• How to complete this task: The data below should be restated word for word, pictures omitted.

• Supplied data:
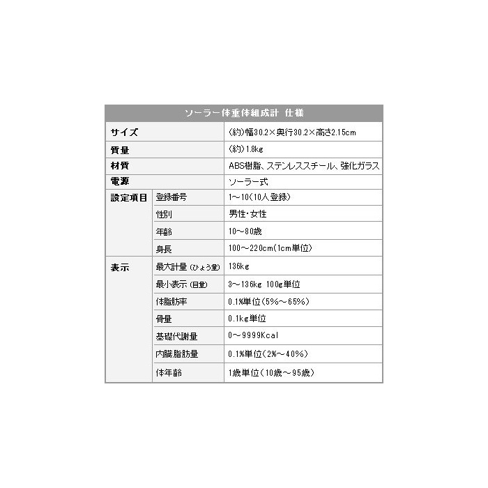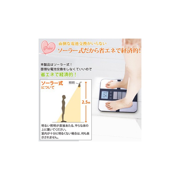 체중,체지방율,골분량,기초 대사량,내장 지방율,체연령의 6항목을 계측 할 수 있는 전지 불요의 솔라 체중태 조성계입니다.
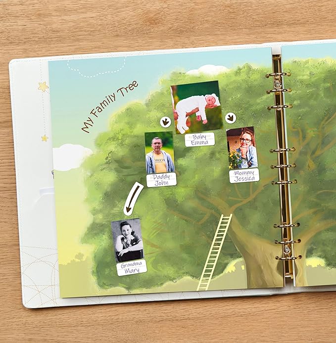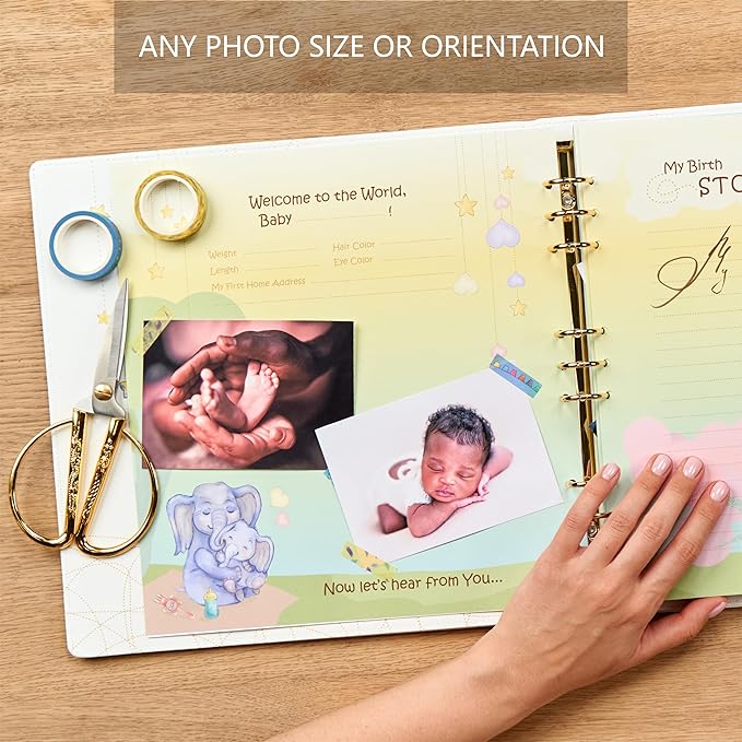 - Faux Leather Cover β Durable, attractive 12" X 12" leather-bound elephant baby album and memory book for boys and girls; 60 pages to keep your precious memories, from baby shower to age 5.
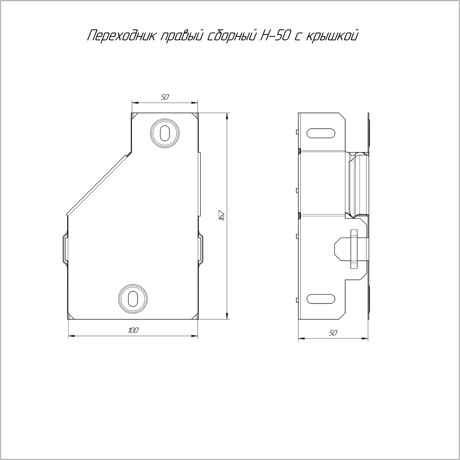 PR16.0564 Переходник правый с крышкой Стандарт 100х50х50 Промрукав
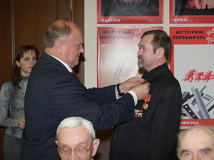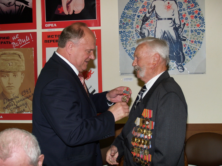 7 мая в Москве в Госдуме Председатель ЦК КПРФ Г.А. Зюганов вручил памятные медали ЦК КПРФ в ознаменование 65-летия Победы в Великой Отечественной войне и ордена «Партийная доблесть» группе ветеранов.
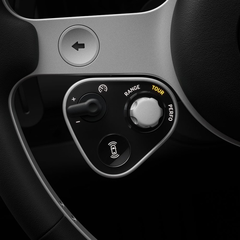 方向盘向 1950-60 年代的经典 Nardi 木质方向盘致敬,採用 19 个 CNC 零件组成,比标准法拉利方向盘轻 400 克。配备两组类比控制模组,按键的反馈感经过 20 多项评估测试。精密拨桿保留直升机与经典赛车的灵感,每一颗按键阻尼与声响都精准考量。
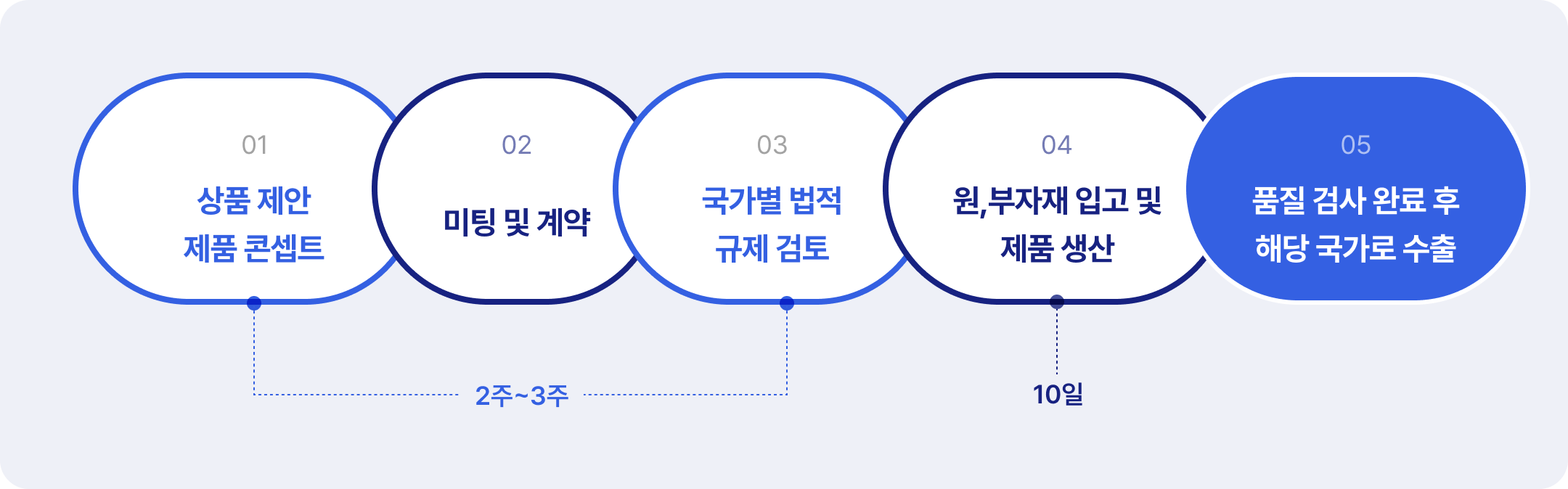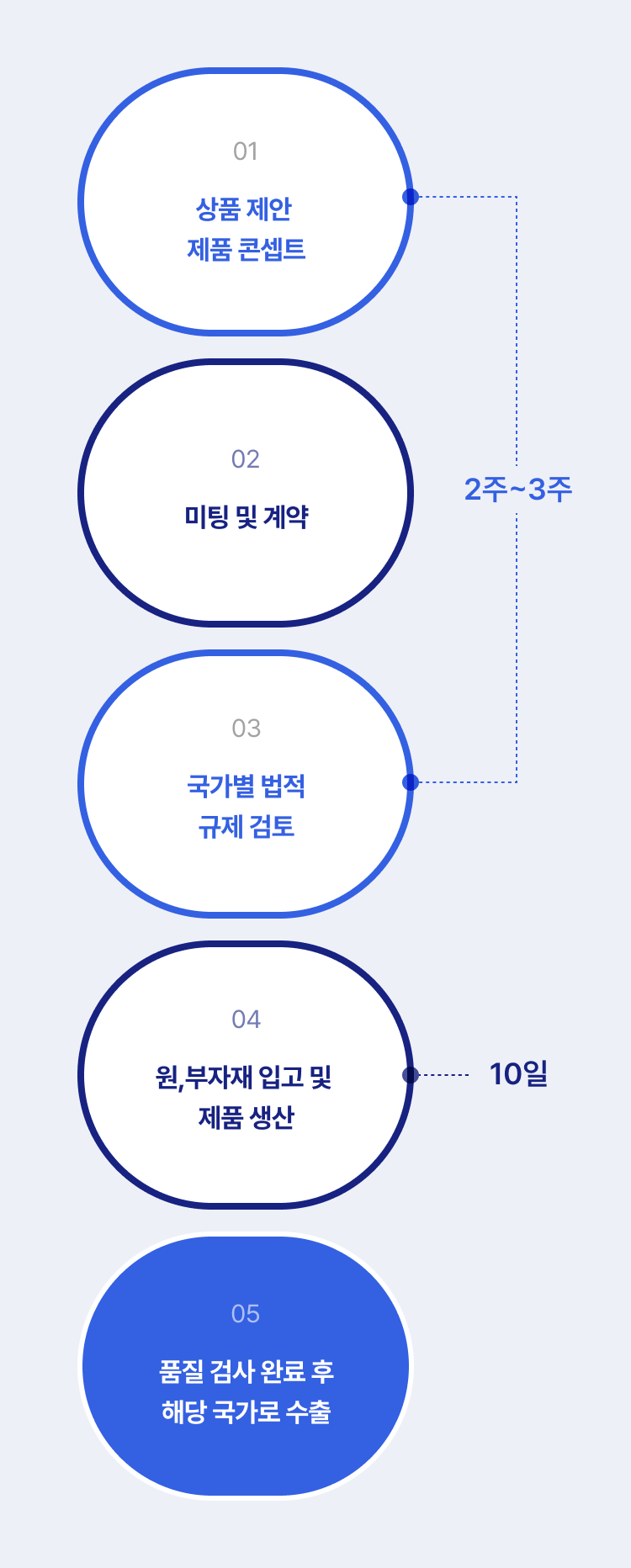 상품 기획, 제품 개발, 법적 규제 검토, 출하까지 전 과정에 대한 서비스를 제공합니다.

• Result:
 체중,체지방율,골분량,기초 대사량,내장 지방율,체연령의 6항목을 계측 할 수 있는 전지 불요의 솔라 체중태 조성계입니다.
 - Faux Leather Cover β Durable, attractive 12" X 12" leather-bound elephant baby album and memory book for boys and girls; 60 pages to keep your precious memories, from baby shower to age 5.
 PR16.0564 Переходник правый с крышкой Стандарт 100х50х50 Промрукав
 7 мая в Москве в Госдуме Председатель ЦК КПРФ Г.А. Зюганов вручил памятные медали ЦК КПРФ в ознаменование 65-летия Победы в Великой Отечественной войне и ордена «Партийная доблесть» группе ветеранов.
 方向盘向 1950-60 年代的经典 Nardi 木质方向盘致敬,採用 19 个 CNC 零件组成,比标准法拉利方向盘轻 400 克。配备两组类比控制模组,按键的反馈感经过 20 多项评估测试。精密拨桿保留直升机与经典赛车的灵感,每一颗按键阻尼与声响都精准考量。
 상품 기획, 제품 개발, 법적 규제 검토, 출하까지 전 과정에 대한 서비스를 제공합니다.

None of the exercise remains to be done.